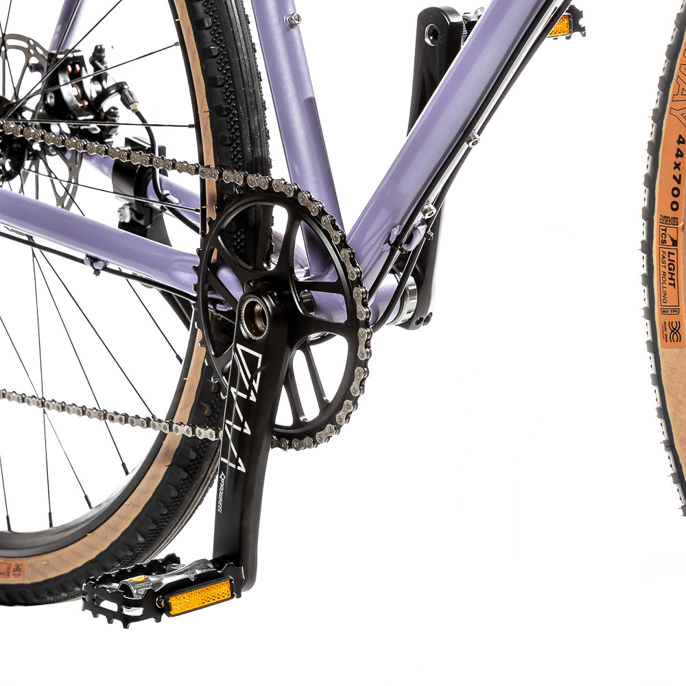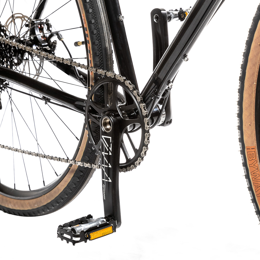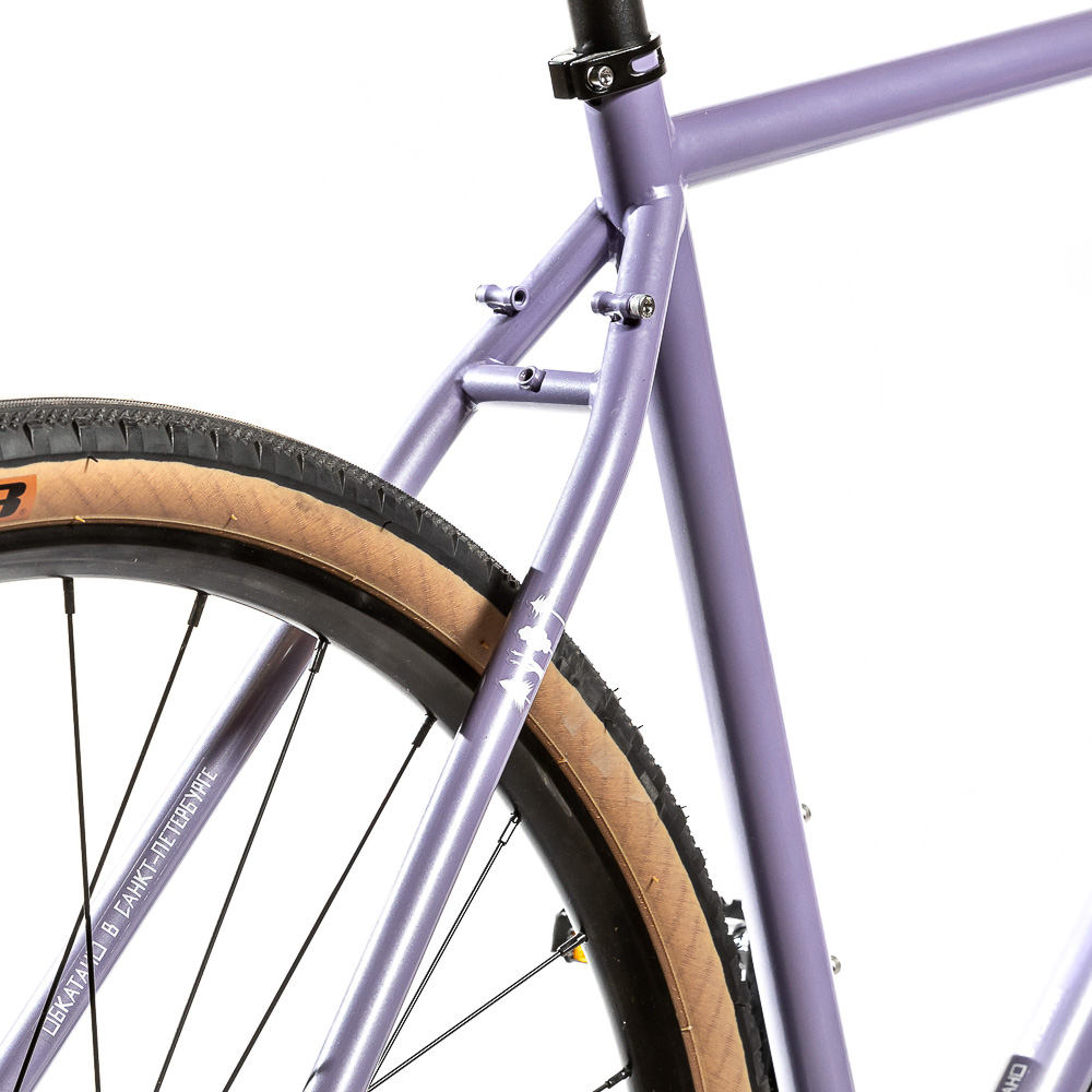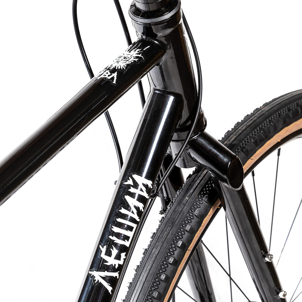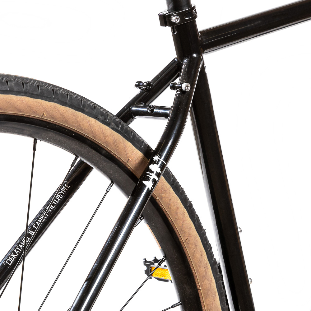 Гравиный велосипед с корнями из горного велосипеда. Чистокровный гравийник всегда ближе к дорожному велосипеду: он тонкий — трубы маленького диаметра, тоненькие и это приводит к снижению прочности и жесткости рамы, а значит к потере наката. Также грвийные рамы на трубах с небольшим диаметром не любят столкновения, что чаще всего приводит к смерти переднего треугольника. С этим мы решили поработать основательно и сделали рамы из смеси гравийных и трюковых труб сплава хромо 4130 с термообработкой. В результате тестов и сравнений мы получили раму с очень жестким кареточным узлом и как следствие ощутимо повысили накат велосипеда. Прочность, жесткость и накат — вот что сразу заметно на Лешем. Размерная сетка представлена в трех вариантах: 52 (S/M), 54 (M/L) и 56 (L/XL). С ростом 183 см оптимально кататься на 54. Рама «большемерит». В 54 и 56 размерах в раму можно поставить покрышки до 2,1 дюйма. В 52 размер 1,8 дюйма из-за более коротких перьев. Передний треугольник сделан из дважды и трижды баттированных кастом труб хромо 4130 с термообработкой, рулевой стакан стандарта zs44, а точнее в сток рама поставляется с рулевой ec44 под шток 1.1/8, а при замене нижней чашки на ex44 устанавливается вилка с коническим штоком. Задний треугольник сделан из труб, которые мы используем для BMX велосипедов и это феноменально улучшает жесткость рамы и ее накат. Есть крепление для переднего переключателя. BSA каретка шириной 73 мм. Подседельная труба имеет диаметр 29,8 мм под штырь 27,2 мм. Дропауты под 142x12 мм со сквозной осью. Сами дропауты мы изобрели, опираясь на опыт клиентов нашей мастерской. Мы просто собрали воедино пазл из обломков дропаутов и рам, которые нам приносят на ремонт и сделали свои дропауты на века. Это 5 мм стальной лист с опорным креплением для съемных, фрезерованных алюминиевых вставок с фиксаторами на двух бонках. Таким образом мы ушли от стыка алюминиевой оси в стальном дропауте, что часто приводит к закисанию оси. Также обилие металла, как на раме, так и на самих дропаутах защищает их от глупых поломок.
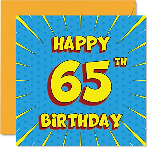Roliga 65:e födelsedagskort för män kvinnor – serietidning – grattis på födelsedagskort för barnflickor mormor pappa mamma farfar kusin faster farbror, 145 mm x 145 mm gratulationskort, 65:e
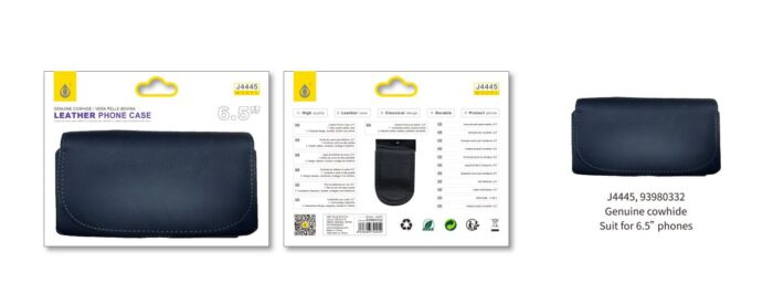 • J4445 NE Funda cinturon de Piel autentico Para movil hasta 6.5 pulgadas, negra
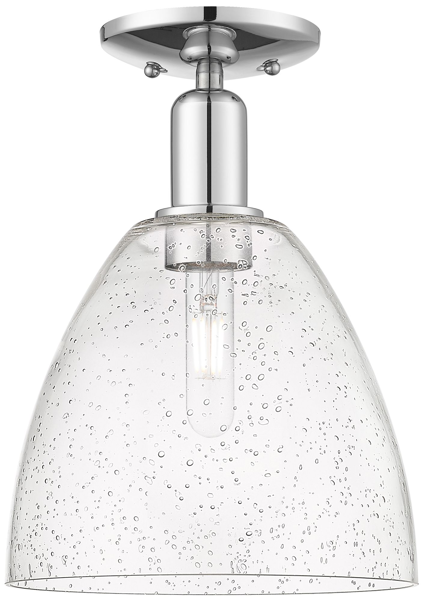 Arcadia Bristol 9"W Polished Chrome Semi.Flush Mount With Seedy Shade
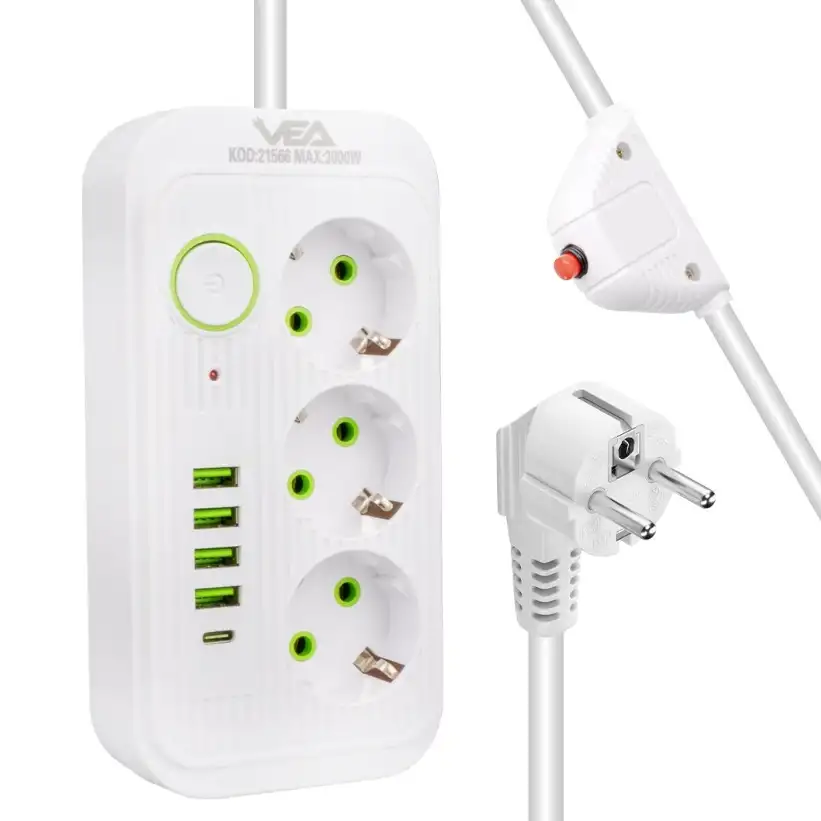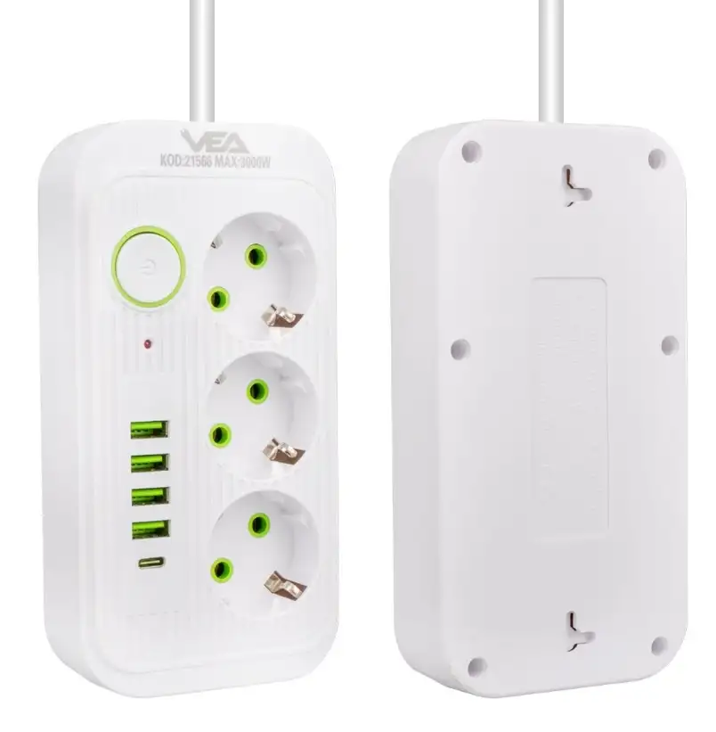 Telefon, tablet, laptop gibi USB ile şarj edilen cihazlarınızı hızlı ve güvenli şekilde şarj edebilmeniz için tasarlanmış olan 3'lü 4 USB'li 1.5 Metre Akım Korumalı Priz Beyaz, aynı zamanda bilgisayar, monitör ve diğer elektronik cihazlarınız için üçlü priz girişleri sunar. Hem ev hem iş yerlerinde elektrik ihtiyacınızı karşılamak için ideal olan bu ürün, çoklu bağlantı ve yüksek performans isteyen kullanıcılar için mükemmeldir.
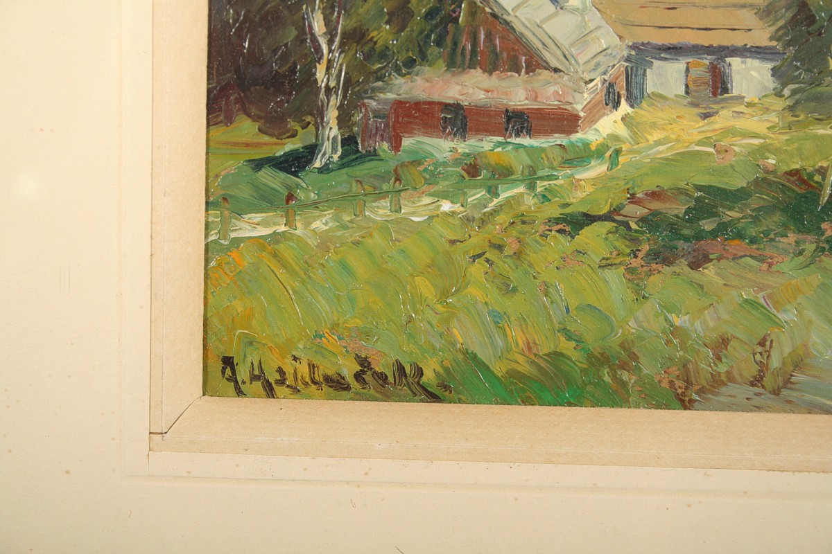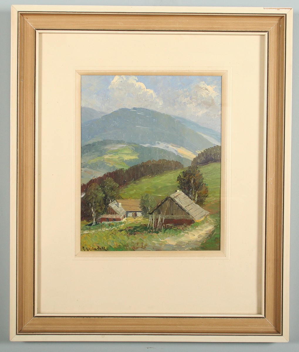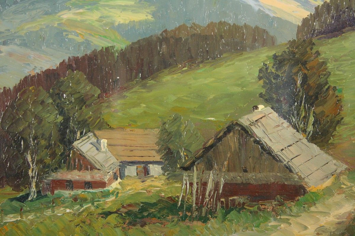 letní obraz chalup v Beskydech, olej na kartonu ve výřezu 26 x 21 cm, s rámem 49 x 41 cm, autor Adolf Hajduček, podepsáno vlevo dole A. Hajduček, rámováno v paspartě a rámu pod sklem
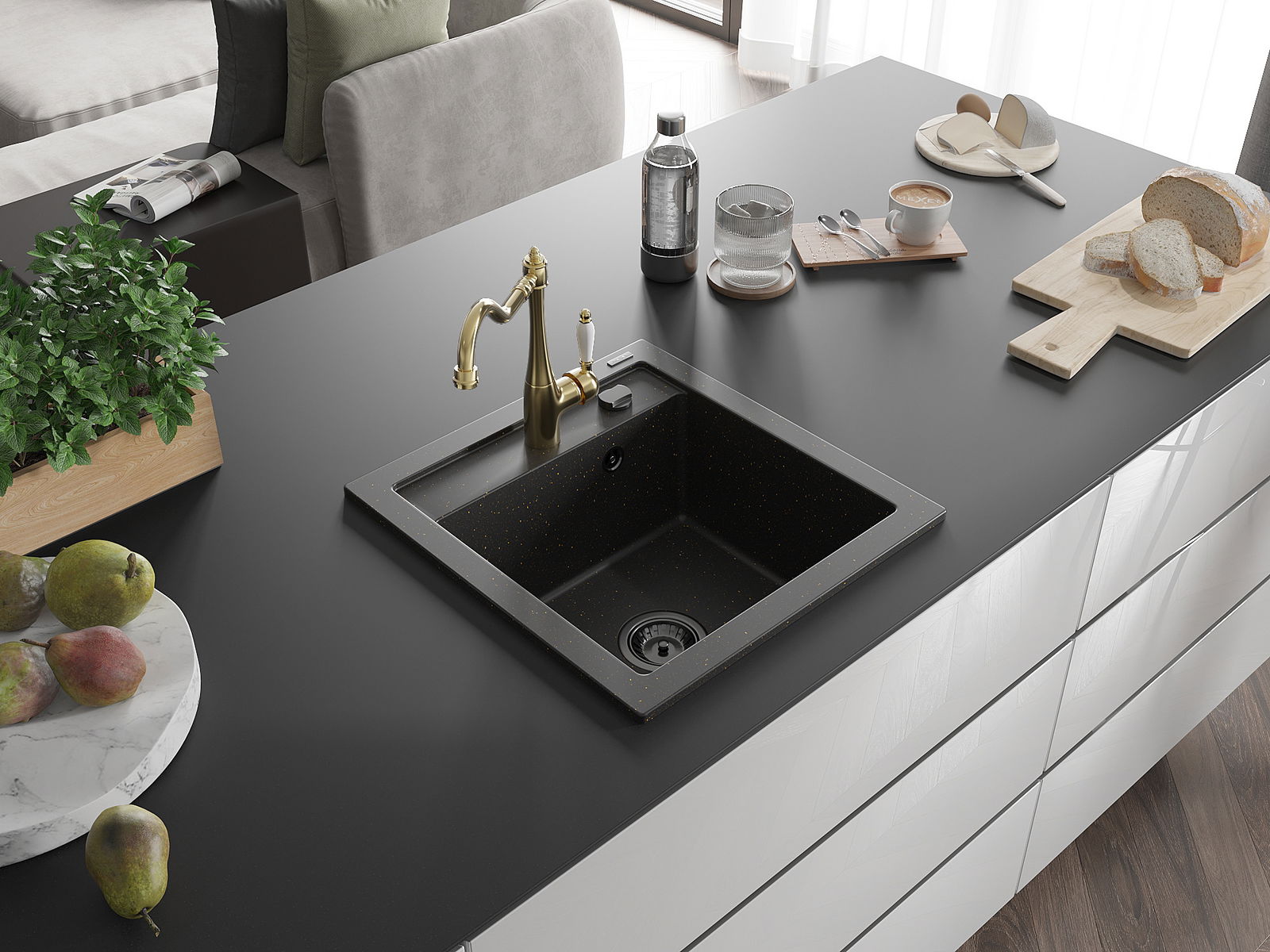 Мивката е направена от висококачествен гранит. Това е елегантно и най -вече практично допълнение към всяка кухня, независимо от нейния стил. Висококачествената и гранитна издръжливост осигуряват много години употреба.
┄┄┄┄┄┄
Exercise directions →
Retype the data in full. Images do not go in the copy.

Output of the exercise →
 Гравиный велосипед с корнями из горного велосипеда. Чистокровный гравийник всегда ближе к дорожному велосипеду: он тонкий — трубы маленького диаметра, тоненькие и это приводит к снижению прочности и жесткости рамы, а значит к потере наката. Также грвийные рамы на трубах с небольшим диаметром не любят столкновения, что чаще всего приводит к смерти переднего треугольника. С этим мы решили поработать основательно и сделали рамы из смеси гравийных и трюковых труб сплава хромо 4130 с термообработкой. В результате тестов и сравнений мы получили раму с очень жестким кареточным узлом и как следствие ощутимо повысили накат велосипеда. Прочность, жесткость и накат — вот что сразу заметно на Лешем. Размерная сетка представлена в трех вариантах: 52 (S/M), 54 (M/L) и 56 (L/XL). С ростом 183 см оптимально кататься на 54. Рама «большемерит». В 54 и 56 размерах в раму можно поставить покрышки до 2,1 дюйма. В 52 размер 1,8 дюйма из-за более коротких перьев. Передний треугольник сделан из дважды и трижды баттированных кастом труб хромо 4130 с термообработкой, рулевой стакан стандарта zs44, а точнее в сток рама поставляется с рулевой ec44 под шток 1.1/8, а при замене нижней чашки на ex44 устанавливается вилка с коническим штоком. Задний треугольник сделан из труб, которые мы используем для BMX велосипедов и это феноменально улучшает жесткость рамы и ее накат. Есть крепление для переднего переключателя. BSA каретка шириной 73 мм. Подседельная труба имеет диаметр 29,8 мм под штырь 27,2 мм. Дропауты под 142x12 мм со сквозной осью. Сами дропауты мы изобрели, опираясь на опыт клиентов нашей мастерской. Мы просто собрали воедино пазл из обломков дропаутов и рам, которые нам приносят на ремонт и сделали свои дропауты на века. Это 5 мм стальной лист с опорным креплением для съемных, фрезерованных алюминиевых вставок с фиксаторами на двух бонках. Таким образом мы ушли от стыка алюминиевой оси в стальном дропауте, что часто приводит к закисанию оси. Также обилие металла, как на раме, так и на самих дропаутах защищает их от глупых поломок.
Roliga 65:e födelsedagskort för män kvinnor – serietidning – grattis på födelsedagskort för barnflickor mormor pappa mamma farfar kusin faster farbror, 145 mm x 145 mm gratulationskort, 65:e
 • J4445 NE Funda cinturon de Piel autentico Para movil hasta 6.5 pulgadas, negra
 Arcadia Bristol 9"W Polished Chrome Semi.Flush Mount With Seedy Shade
 Telefon, tablet, laptop gibi USB ile şarj edilen cihazlarınızı hızlı ve güvenli şekilde şarj edebilmeniz için tasarlanmış olan 3'lü 4 USB'li 1.5 Metre Akım Korumalı Priz Beyaz, aynı zamanda bilgisayar, monitör ve diğer elektronik cihazlarınız için üçlü priz girişleri sunar. Hem ev hem iş yerlerinde elektrik ihtiyacınızı karşılamak için ideal olan bu ürün, çoklu bağlantı ve yüksek performans isteyen kullanıcılar için mükemmeldir.
 letní obraz chalup v Beskydech, olej na kartonu ve výřezu 26 x 21 cm, s rámem 49 x 41 cm, autor Adolf Hajduček, podepsáno vlevo dole A. Hajduček, rámováno v paspartě a rámu pod sklem
 Мивката е направена от висококачествен гранит. Това е елегантно и най -вече практично допълнение към всяка кухня, независимо от нейния стил. Висококачествената и гранитна издръжливост осигуряват много години употреба.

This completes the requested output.